И тотчас из него вынырнула, с трудом соображая, где я, щурясь от яркого света, стараясь продлить мгновение блаженного неведения, отодвинуть неминуемую встречу с жизнью. Я лежала с закрытыми глазами и ощущала на себе пристальные, неотрывные взгляды. На меня и правда смотрели: смотрело через небольшое окошко горячее солнце. Смотрел со стены портрет угрюмого человека в кубанке и глаза его выражали такую откровенную злобу, что странно было, как блеклое изображение — по всей вероятности увеличение с паспортной фотографии — могло сберечь такой заряд неистового чувства. А в открытых дверях стояла рослая девочка лет тринадцати с толстой косой — она тоже смотрела на меня с нескрываемым любопытством. Как выяснилось, это была младшая наша хозяйка Нинка. Старшая — Морька — занимала пост пожарного наблюдателя и в данный момент сидела на вышке в лесу, но воля ее, тем не менее, ощущалась в доме неотступно. «Морька не велела…» — эти слова парализовали любое мое начинание. Морька не велела кипятить чайник, не велела ничего продавать нам — даже стакана молока. — Морька не велела вносить в дом лежащие под навесом вещи, мыться, стирать, ходить в огород… и Нинка стояла у двери, бдительно следя за тем, чтобы запреты эти не нарушались. Я хотела пойти узнать, добрались ли благополучно ночью до Солоновки остальные мои попутчики и как они устроились, но деревня была велика и совершенно пуста, спросить было не у кого. Мы немного разобрали, растолкали по углам чемоданы и узлы, вытащили и доели остатки Барнаульского пиршества и уселись ждать.

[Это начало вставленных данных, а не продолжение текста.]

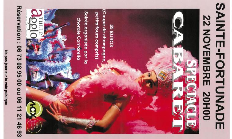 Spectacle cabaret - Tarif : 35 € (coupe de champagne, petits fours). Soirée organisée par la chorale Cantarella -
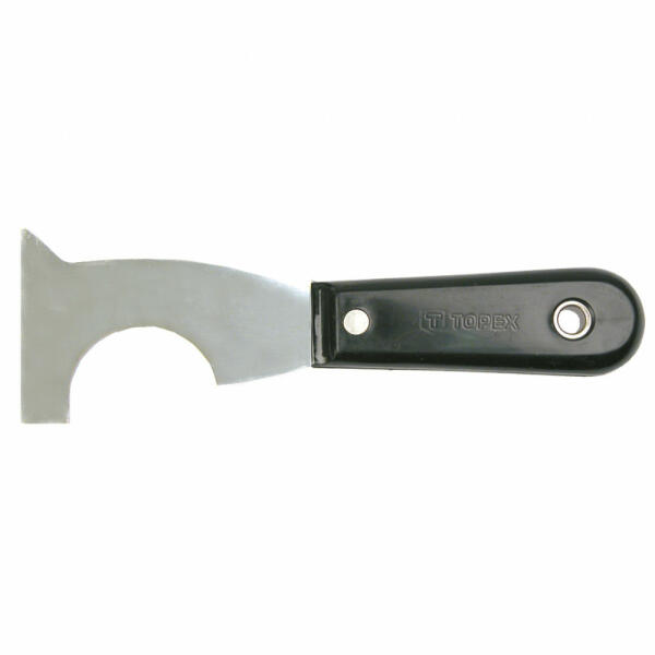 Az univerzális Topex festőspakli alkalmazásra talál felújítási és befejező munkálatok során, pl. gipsz felvitelében, vagy felületekről szennyeződések eltávolításában. A penge polírozott. Markolata erős műanyagból készül. A Topex márka ezermestereknek készül. Festő spakli bevágással, polírozott penge, műanyag nyél
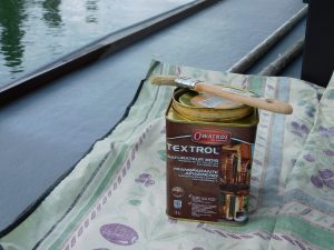 Und hier absolvieren wir auch unsere immer wiederkehrenden bricolage- Stunden – diesmal mit Oelen des Steuerhaus-Holzes.
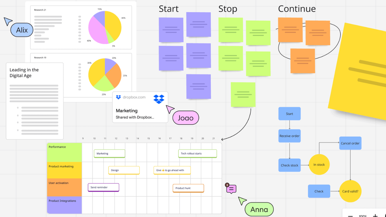 Miro ist ein digitales Whiteboard-Tool, das Teams hilft, Projekte zu planen und Ideen zu visualisieren. Ob Projektplanung, Brainstorming oder Kunden-Workshops: Mit Vorlagen und Projekttrackern behalten selbst kleine Unternehmen den Überblick.

Но ждать было мучительно. Минут через сорок я поднялась и вышла за калитку. Передо мной была площадь, поросшая гусиной травкой. Слева строение из красного кирпича с башенками и сводчатыми окнами. По стенам расклеены самодельные афиши, «Свинарка и пастух». Буквы разного цвета — красные, желтые, синие; угол оборван и свисающий бумажный лоскут лениво жует привязанная к колышку коза. Прямо передо мной что-то вроде дощатого барака с двумя крылечками. Над одним крыльцом доска, на которой черным намалевано «Сельпо», над другим — бумажный листок «Продажа керосина и водки в субботу с 10 утра». Двери заперты. Вокруг ни души. Я посмотрела направо. С этой стороны площади добротная большая изба, у калитки ее стоял коротконогий старый человек в черных мятых шароварах, в розовой расстегнутой на груди рубахе. Недобрый тяжелый взгляд был устремлен на меня. Он неторопливо почесал подмышкой и продолжал смотреть.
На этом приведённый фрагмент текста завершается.